Llego tarde, lo sé, pero me ha dado que pensar el revuelo generado por lo que dijo José Andrés Blasco, viceconsejero de Empleo y Trabajo del Gobierno Vasco, hace ya unas semanas, aquello de que a sus hijos ni se les pasa por la cabeza acudir a Lanbide en busca de empleo. La confesión no habría tenido mayor importancia si no hubiera sido porque el servicio vasco de empleo es materia de su estricta competencia. Pues bien, me pasa lo que al vecino @Javiviz: me ha parecido muy bien que el viceconsejero hiciera esa confesión. Al fin y al cabo, el señor Blasco ha dicho lo que pensaba. Y uno no puede hacer otra cosa que agradecérselo.
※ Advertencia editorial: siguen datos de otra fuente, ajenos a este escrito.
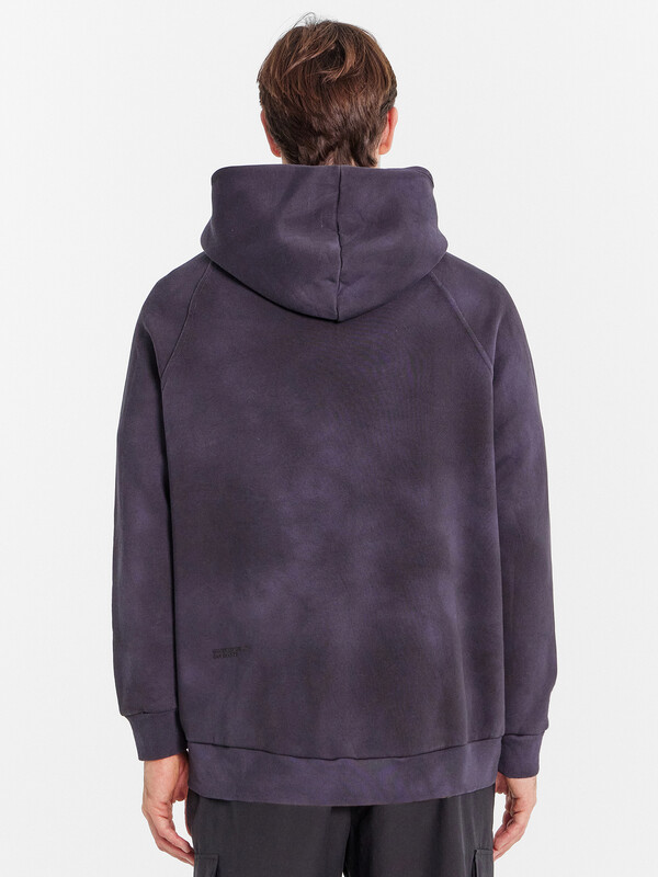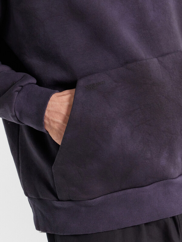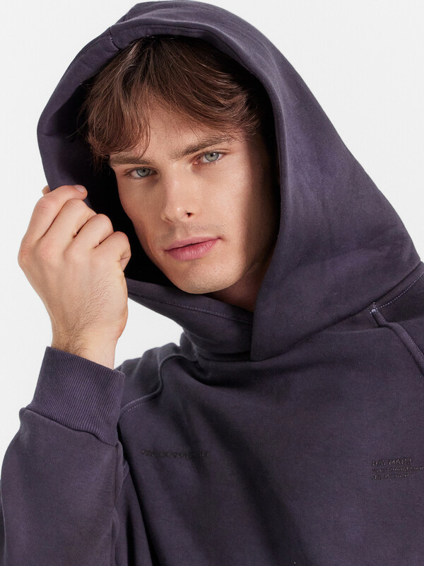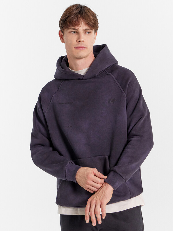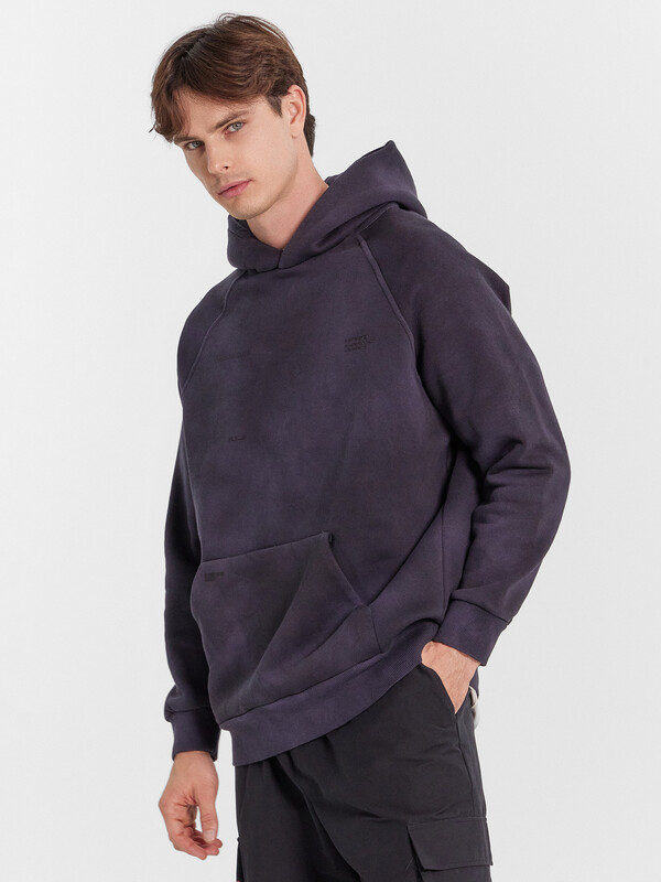 Мужское худи из трикотажного футера с теплым и нежным подчесом. Силуэт свободный, оверсайз. Вырез круглый, классический, с уютным капюшоном. Рукава свободные, с манжетами. Накладной карман-кенгуру и эластичный пояс из рибаны делают худи еще более уютным.

Por lo visto, la afirmación del viceconsejero no ha gustado a los trabajadores de Lanbide. Pero sus palabras no deberían ser interpretadas como una crítica a la plantilla. En realidad, como está claro que él, como viceconsejero, es uno de los máximos responsables del servicio, deberían entenderse, si acaso, como una autocrítica. Cuando un alto responsable confiesa públicamente que un servicio que depende de él no funciona o va mal, lo que se deduce es que es muy consciente de ello y que está haciendo todo lo posible por encontrar una solución y ponerla en práctica.

Los sindicatos dicen que hay caos organizativo. Pues bien, si eso es cierto, no desmentirían al viceconsejero; al contrario, le estarían dando una posible explicación a los problemas a que él hacía alusión. También dicen que la Comunidad Autónoma carece de competencias para llevar a cabo una política de empleo propia. Esto es más grave, porque de ser cierto, lo que habría que hacer es cerrar Lanbide. Pero estoy seguro de que los sindicatos, en realidad, no querían llegar tan lejos.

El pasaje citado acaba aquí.